Correct me if I'm wrong here, but Duhon can't be moved prior to august 15th (without his permission) and he can't be traded to Toronto at all. After August 15th, he can be traded outright. One question I have is: after the 15th of August, can he be traded to Toronto? 

I would think a short list of teams that might be interested in Duhon would be Toronto, Atlanta, Cleveland and maybe the Lakers. With Toronto, I would think a swap of Du for Peterson might work out well for both teams. Atlanta I'm not sure anything could be done. At #5 they're poised to get a pretty good point if they don't mess it up again. (Ya'd think they'd learn that they really need a point guard more than anything and they keep drafting these 2's and 3's!). Cleveland? I don't know what would work there. Maybe some sort of a sign and trade with Gooden? Trade Du straight-up for the 25th pick? Eh. The Lakers have nothing we'd really need. I understand they've got a pretty good 2-guard who's a pretty good defender, but other than that - nothin.

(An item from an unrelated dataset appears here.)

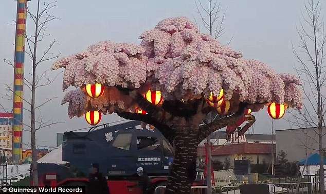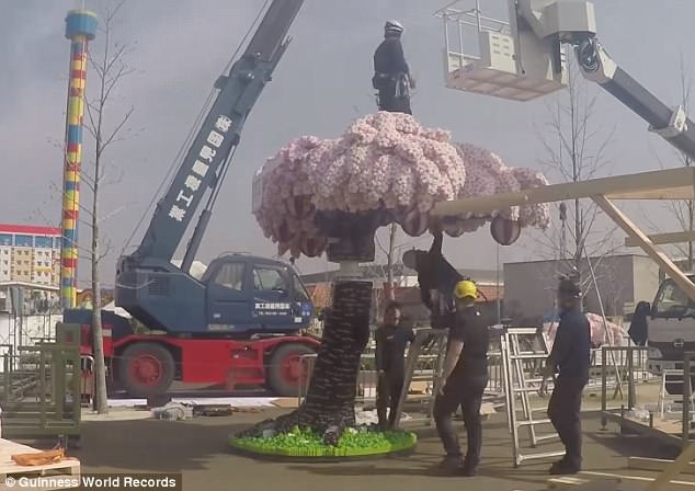 Με ύψος σχεδόν 4,3 μέτρα και πλάτος 1,5 μέτρων αυτή η βάρους 3,3 τόνων κατασκευή καταχωρήθηκε στο Βιβλίο Ρεκόρ Γκίνες ως «η μεγαλύτερη ανθισμένη κερασιά από τουβλάκια LEGO, αναφέρει το Αθηναϊκό Πρακτορείο Ειδήσεων. Σχεδιάστηκε στην Τσεχία και μεταφέρθηκε στην Ιαπωνία, όπου χρειάστηκαν περισσότερες από 6.500 ώρες για να συναρμολογήσουν τα 881.470 τουβλάκια.

I wouldn't be adverse to trading Duhon, but he's almost the ideal rotational point guard. Won't complain about minutes. Runs a good offense. Very good on the ball defender. Takes care of the ball/makes generally good decisions. Poor shooter, but if you have him out there with a capable scorer or two he'll find them and give them good looks. If you trade him as part of a package deal, you'd better get something pretty damned good back.


----------



## Bulls_Bulls_Bulls! (Jun 10, 2003)

futuristxen said:


> Z/Pavlovic for Gordon/Chandler works salary wise. Gives the Bulls a big guard at the 2 who can shoot and play tough foul prone defense(high jib factor!) and a true center to pair with Tyrus Thomas. The only thing you really miss is Ben Gordon's clutch shooting.
> 
> Not sure I could manage a year of watching Tyson Chandler drop passes from Lebron James, but I guess he'd be a good backup until his contract ran out.


That has got to be one of the absolute WORST trade proposals ever comptemplated. Pax ought to be tarred, feathered, and run out of town on a supersonic plane to China if he even gave a single thought about pulling this trigger. 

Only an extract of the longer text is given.